Ближе к полудню солнышко стало ощутимо припекать, но сюда, под сень Вельдейских лесов, могли пробиваться лишь тёплые весёлые проблески, играющие в листве и на старой, утоптанной бесчисленными сапогами колее лесной тропы. Деревья спасали от дневного зноя, даря показавшемуся за их стволами путнику приятную прохладу. Вокруг в воздухе плескалась жизнь: беззаботно распевали сотни всевозможных птиц, звенела мошкара, а в пролегавшем неподалёку овражке задорно журчал ручеёк.
       Но путник был мрачен и, казалось, даже не замечал всего этого великолепия, глядя прямо перед собой на дорогу. Его смугловатое лицо было спокойным, а тёмно-карие глаза сосредоточенно смотрели из-под густых чёрных бровей. Путник был очень молод, даже, наверное, почти ребёнок, но шагал уверенно и твёрдо, а хорошо сбитая высокая фигура говорила о немалой физической силе. За спиной у него висел довольно большой дорожный мешок, набитый всякой необходимой для кочевой жизни утварью и огромных размеров меч — он казался даже выше своего хозяина, хотя это, конечно же, было не так. Издалека юношу легко было принять за взрослого солдата.
       Рунольв (а это был именно он) направлялся из равнин Накрании в Постунь после того, как оставил свою первую и одновременно пока что последнюю работу — службу «на подхвате» в группе прикрытия отряда наёмных арбалетчиков. Отряд состоял из разных людей, выросших в разных частях Мира Чёрного Камня, но, в основном, это были простые, грубоватые мужики, ищущие лёгкой шальной жизни или лёгкой шальной смерти — как повезёт. Рунольв ухаживал за их конями, чистил котлы, в общем, помогал по хозяйству, попутно успевая кое-чему учиться. Пару раз ему приходилось участвовать в передрягах, когда на сопровождаемый отрядом очередной торговый караван устраивали засады. Марк, квартирмейстер и по совместительству «главарь» Чёрных Псов (этого самого отряда) видел будущее мальчика неразрывно связанным с наёмниками — он должен был стать одним из бойцов, скитаться по миру и охранять обозы с селёдкой или гвоздями. При должной удаче он бы закончил жизнь закопанным более молодыми товарищами под каким-нибудь деревом после очередной стычке в кабаке с местными пьяницами или на узком повороте с разбойниками.

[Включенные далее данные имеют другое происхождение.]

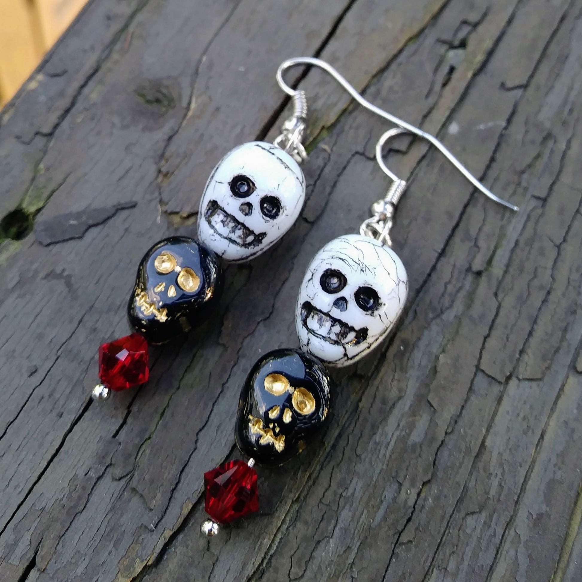 Black Skull White Skull Dangle Earrings with Red Austrian Crystals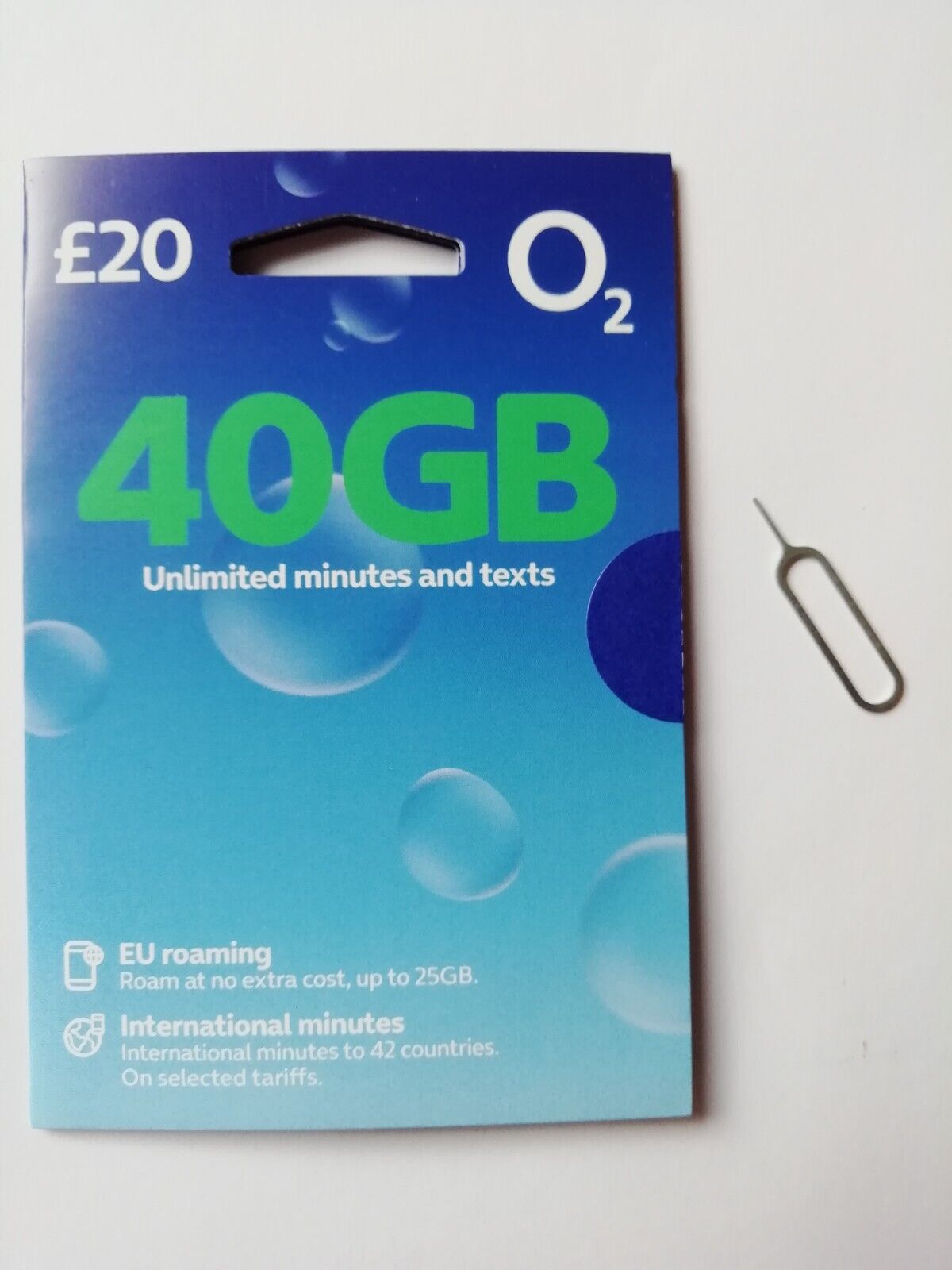 O2 PAYG Sim Card International 40GB for £20 + SIM EJECTOR PIN *NB* ZERO CREDIT

       Но Рунольв рос, и такая жизнь начинала казаться ему бессмысленной и скучной, а неизбежный конец нелепым и горько-смешным. Со временем подозрения перерастали в навязчивые мысли, а мысли в уверенность и решимость. И вот сегодня ночью юноша тихо собрал вещи и покинул отряд, не сказав никому ни слова.
Он вообще говорил редко, а если и приходилось, то мало, обычно бурча пару-тройку слов в ответ. Вот и сейчас, запнувшись о торчащий из прошлогодней листвы на краю тропинки корень, Рунольв даже не чертыхнулся — с таким же невозмутимым и недрогнувшим лицом он продолжил свой путь.
       Путём это можно было бы назвать лишь с большой натяжкой — любой путь имеет начало и конец, а наш герой не знал, куда ему направиться, не знал, где будет лежать конец его пути. Собственно, он не знал и то, где лежит начало, так как воспринимал эту лесную тропу как очередную веху, очередной перекрёсток в его жизни. А как она началась, он не знал.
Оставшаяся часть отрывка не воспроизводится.